La consommation gastronomique n’est donc pas seulement une expérience individuelle d’ordre esthétique ou intellectuel, c’est aussi une expérience sociale qui prend en compte le contexte social intime (Debenedetti, 1998, 1999), composé du convive et de ses accompagnateurs.

Or, l’individu interagit non seulement avec ses proches, mais aussi avec les autres convives et avec tout le personnel en contact, ce qui permet de définir un contexte social élargi (Debenedetti, 1998, 1999). Les sorties gastronomiques peuvent donc être abordées dans un contexte social intime ou élargi, et nous pouvons nous demander s’il n’est pas envisageable de situer les individus le long d’un continuum allant d’une sensibilité au lien social faible à une sensibilité au lien social fort (Bourgeon-Renault, 2007).
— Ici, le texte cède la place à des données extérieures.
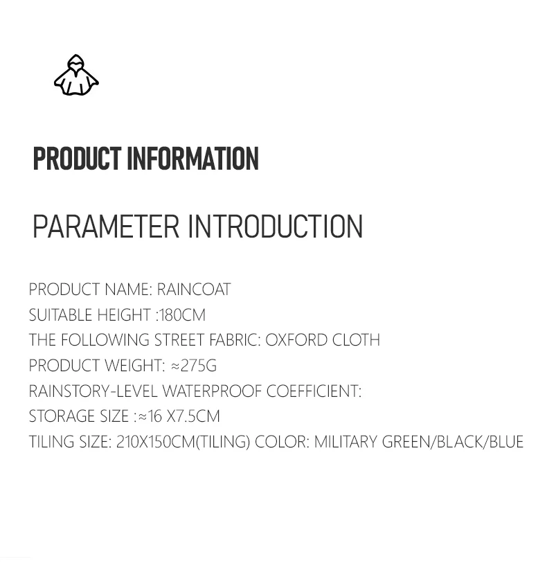Jiangxi XIAOKONGLONG rainproof Products Co., Ltd.Own subsidiaries and brands such as zituoling clothing, xiaokonglong rainproof. is an innovative enterprise specializing in R & D, design, production and sales of healthy and fashionable raincoats, rainproof clothes,ponchos, outdoor clothes,Umbrella end tent. It has a plant area of nearly 10000 square meters and an annual output of about 3 million raincoats.
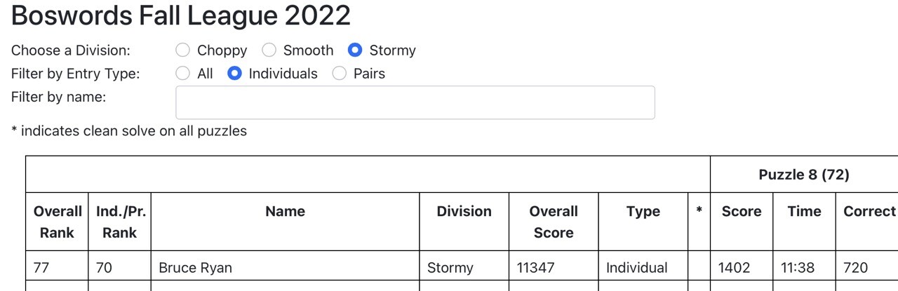 Pretty good finish in #Boswords 2022 Fall League #Crossword Tournament. 70th place/top third in hardest “Stormy” division is about right and I finished near folks who usually finish near me in #CrosswordTournaments 🤓
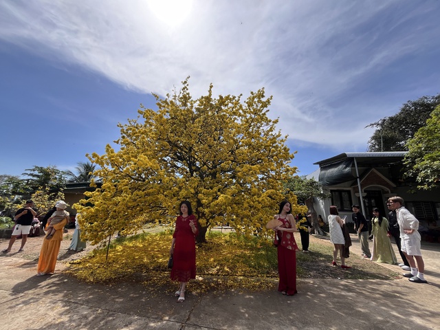 Mỗi dịp Tết đến xuân về, rất đông du khách tìm về gia đình bà Nguyễn Thị Vui ở xã Tân Phú, tỉnh Đồng Nai để tận mắt chiêm ngưỡng cây mai hơn 70 năm tuổi
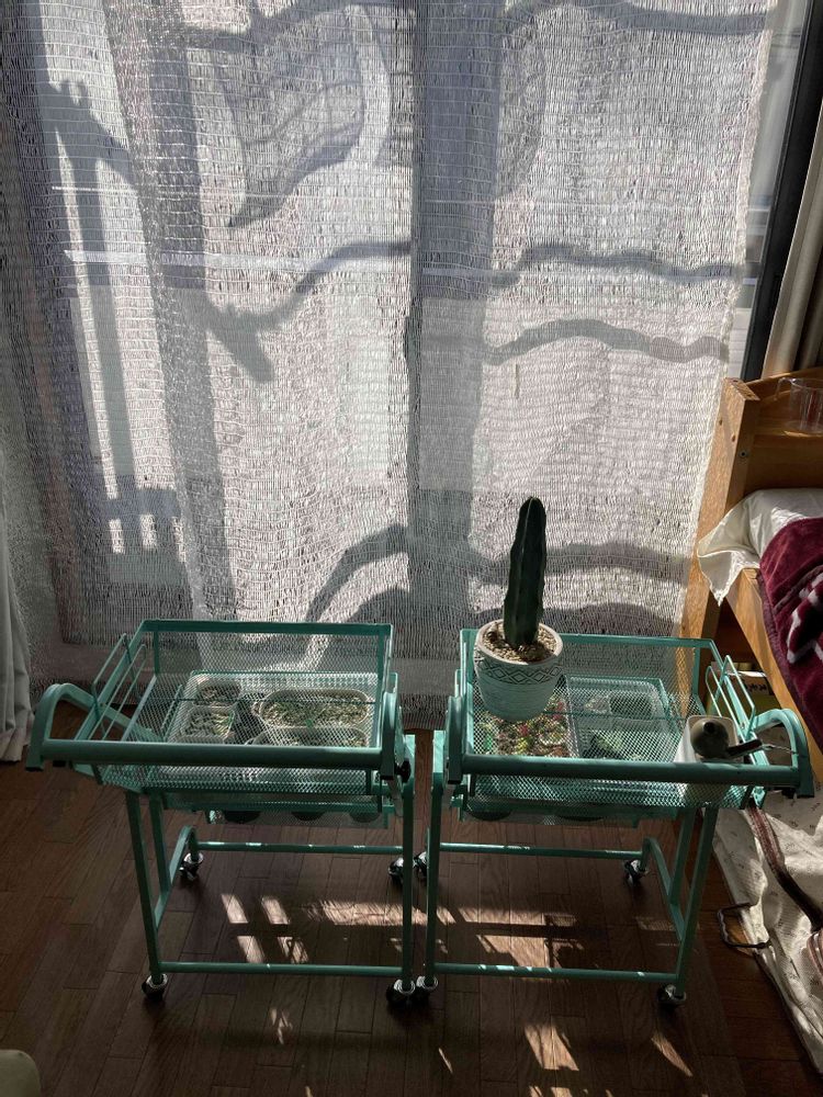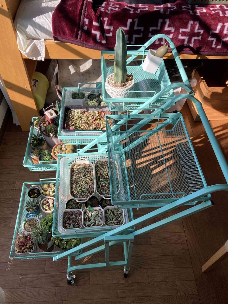 当初は、西向きの出窓に多肉を置くつもりでしたが、この季節はほとんど日が当たらないことがわかり、南向きの窓の前にワゴンを置くことにしました。
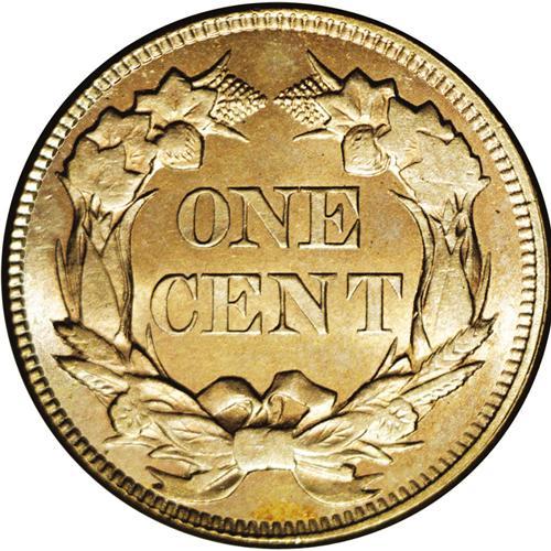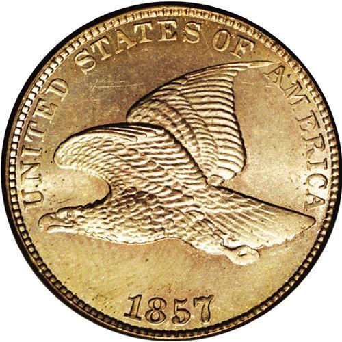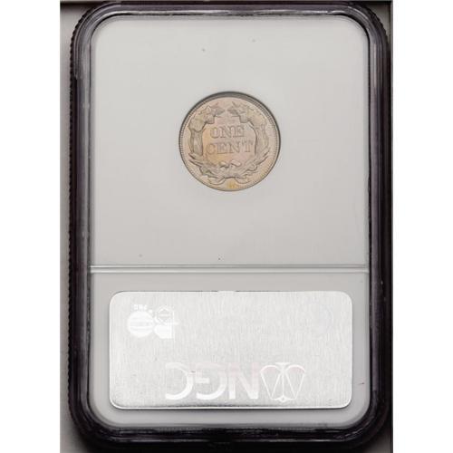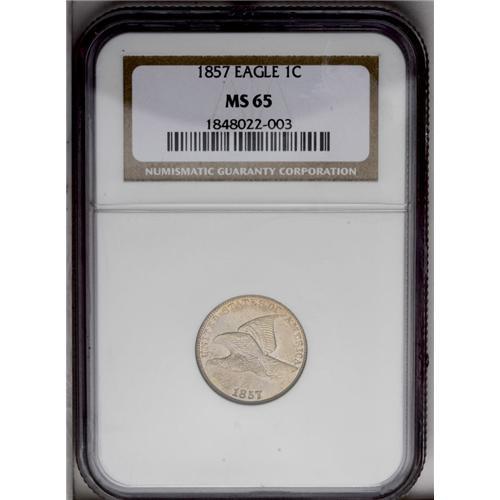 <B>1857<1C> MS65 NGC.</B></I> The 1857 Flying Eagle cent was popular with the general public and saved in large quantities. This lovely Gem has softly frosted mint luster and the surfaces display pinkish-tan and golden iridescence. A bit softly struck, as often seen on this date.<BR><I>From The Lewis (Tahoe) Collection.</B></I>

Don et contre-don de part la gastronomie

Comme l’ont souligné certains interlocuteurs, l’invitation à un repas d’affaires renvoie à la problématique de réciprocité et donc de don et contre-don. La problématique du don et du contre-don que Marcel Mauss introduit en anthropologie à partir des descriptions ethnologiques de Boas et de Malinowski (1923-1924) a suscité tout un courant de pensée. Or inviter son interlocuteur à table relève de cette problématique. Il y a dans le don un pari qui est le risque de donner sans retour. Comme le dit Alain Caillé (2000) : « le pari du don est en effet intrinsèquement paradoxal puisque seule la gratuité déployée, inconditionnalité sont susceptibles de sceller une alliance qui profitera à tous et donc au bout du compte à celui qui aura pris l’initiative du désintéressement ». Quelle est alors cette force qui « oblige » le donataire. Mauss, on le sait, reprend l’explication des Maoris eux-mêmes, qui voient une sorte de puissance magique investie dans l’objet donné : la chose reçue n’est pas inerte, le donataire est « poussé (à rendre) mon cadeau ». Le négociateur invité se retrouve alors dans le contre-don et pourra être bienveillant sur la négociation à traiter.